Study reveals image-guided adaptive radiation treatments linked to short-term side effects for prostate cancer

Study reveals image-guided adaptive radiation treatments linked to short-term side effects for prostate cancer
Image source: Google

New Jersey, US: Radiation therapy for patients with prostate cancer can be made safer by a method that uses imaging technology as a guide. This method enables doctors to precisely direct radiation beams towards the prostate while avoiding adjacent tissue in the bladder, urethra, and rectum.

The technique is known as magnetic resonance-guided daily adaptive stereotactic body radiation (MRg-A-SBRT), and it has been the subject of a detailed study of all published clinical trials.

The findings of the study were published by Wiley online in CANCER, a peer-reviewed journal of the American Cancer Society.

MRg-A-SBRT's comprehensive images can be used to update a patient's radiation plan each day to take into account anatomical changes and to track the prostate's position in real-time while the radiation beam is on to make sure that the prostate is receiving the proper amount of treatment. Although MRg-A-SBRT is gaining popularity and has been the subject of numerous clinical research, it is unclear whether the method—which demands more time and resources than usual practices—had an influence on clinical results and side effects when compared to other radiation delivery methods.

To investigate, Jonathan E. Leeman, MD, of the Dana-Farber Cancer Institute and Brigham and Women’s Hospital, and his colleagues searched the medical literature for prospective studies that tested MRg-A-SBRT. The team combined data from 29 clinical trials that included a total of 2,547 patients to evaluate side effects that occurred following MRg-A-SBRT for prostate cancer compared with a more conventional method of treatment that is guided by computed tomography and is not adjusted on a daily basis in the way that MRg-A-SBRT is.

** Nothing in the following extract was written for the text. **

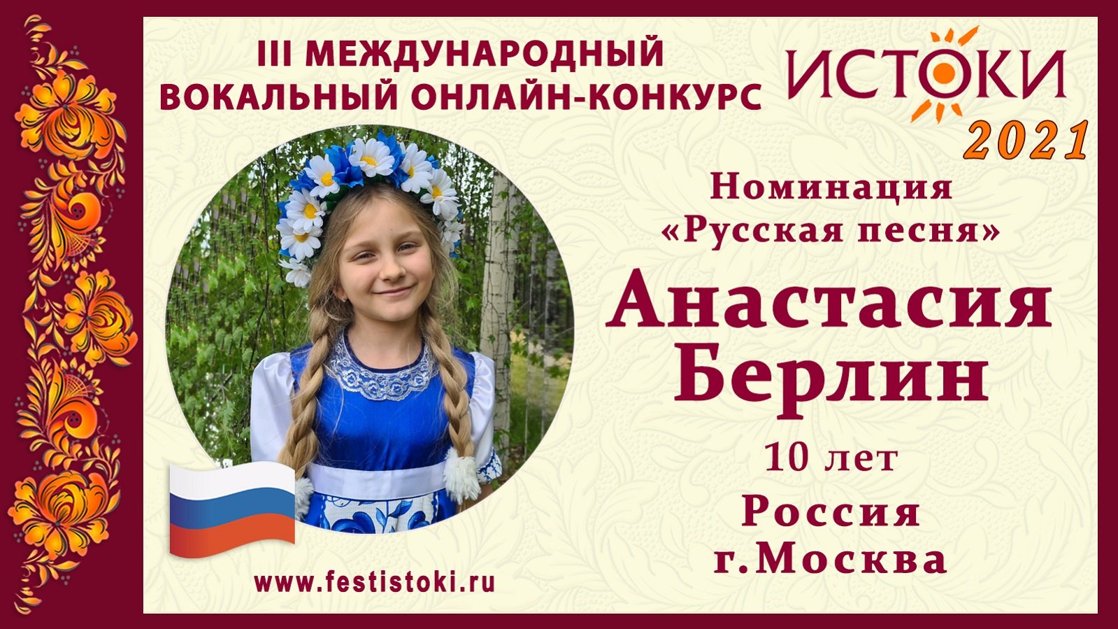Анастасия Берлин,10 лет. Россия, г. Москва. "Нет милей Руси"

MRg-A-SBRT was associated with significantly fewer urinary and bowel side effects in the short term following radiation. Specifically, there was a 44% reduction in urinary side effects and a 60% reduction in bowel side effects.

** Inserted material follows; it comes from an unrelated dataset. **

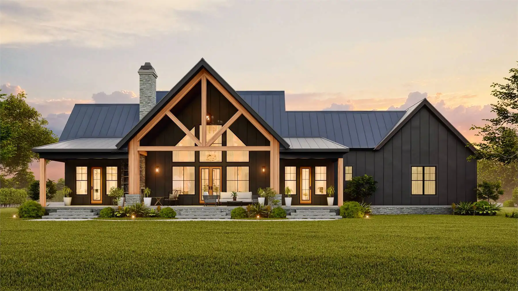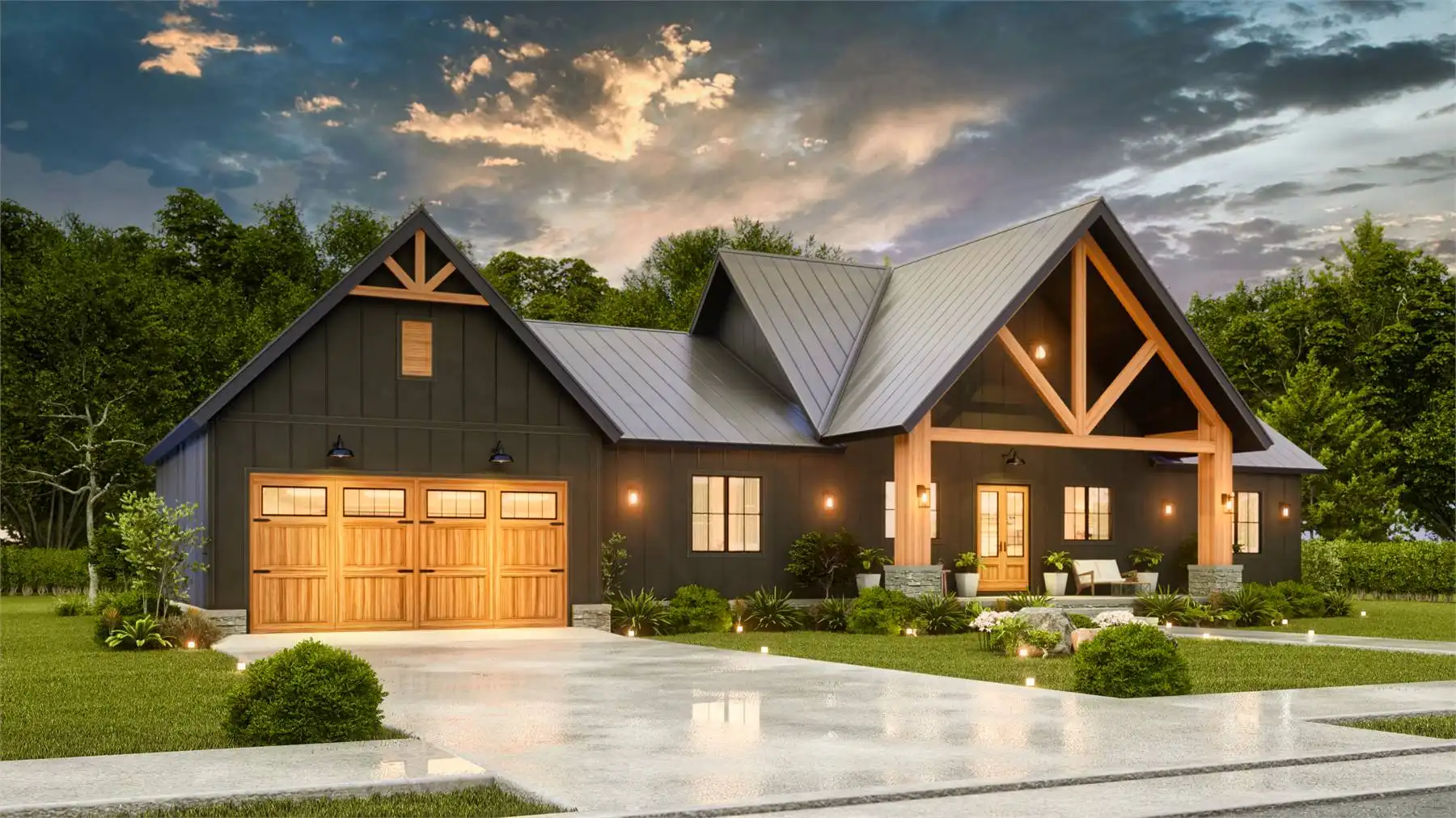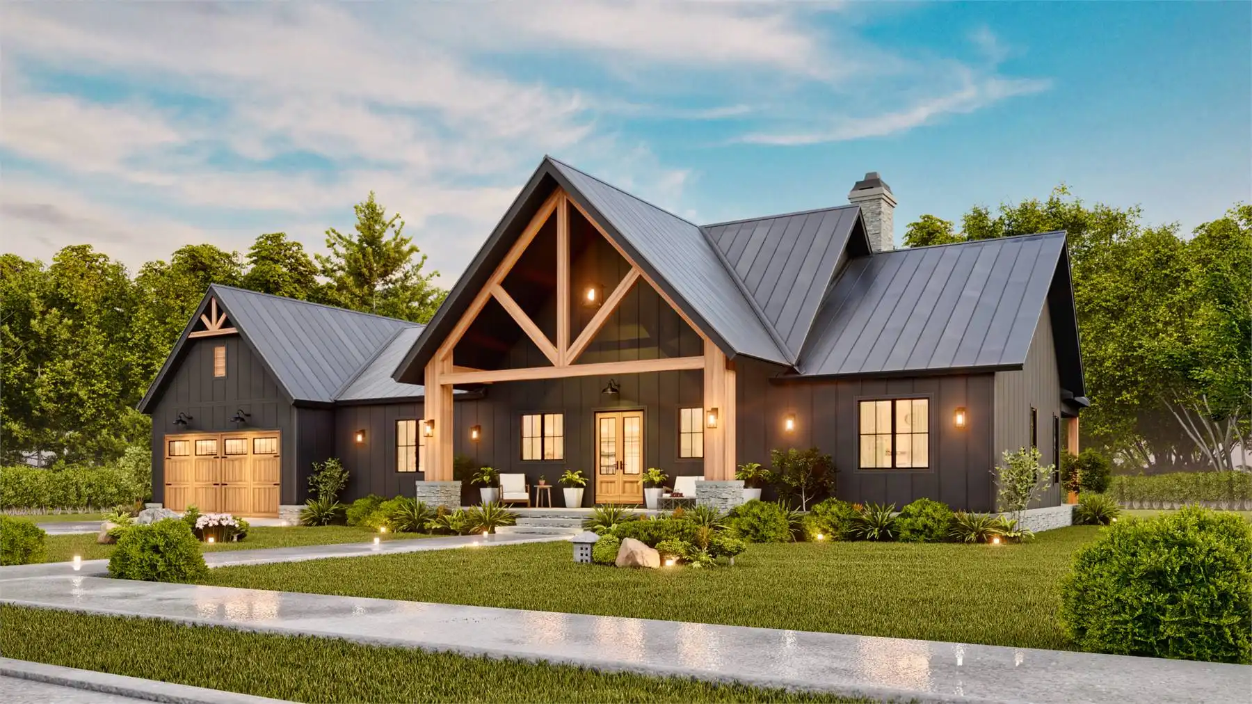 House Plan 2386 is a beautiful yet simple and affordable-to-build country ranch with plenty of rustic style. It would be perfect for year-round or seasonal living in a natural setting. The 1,928-square-foot design boasts wide-open living in the center, complete with an island kitchen and a vaulted ceiling with high windows over the living and dining areas. The luxe primary suite is on one side of this while two other suites are on the opposite side of the house. Make sure to appreciate the spacious covered back porch--it has an outdoor fireplace to provide as much ambiance in the fresh air as outside! A front-entry two-car garage on the side rounds out this popular plan.

“The study is the first to directly evaluate the benefits of MR-guided adaptive prostate radiation in comparison to another more standard and conventional form of radiation, and it provides support for use of this treatment in the management of prostate cancer,” said Dr. Leeman.

Dr. Leeman noted that the study also raises further questions regarding this type of treatment. For example, will the short-term benefits lead to long-term benefits, which are more impactful for patients? Longer follow-up will help answer this question because MRg-A-SBRT is a relatively new treatment. Also, which aspect of the technology is responsible for the improved outcomes seen in clinical trials? “It could potentially be the capability for imaging-based monitoring during the treatment or it could be related to the adaptive planning component. Further studies will be needed to disentangle this,” said Dr. Leeman.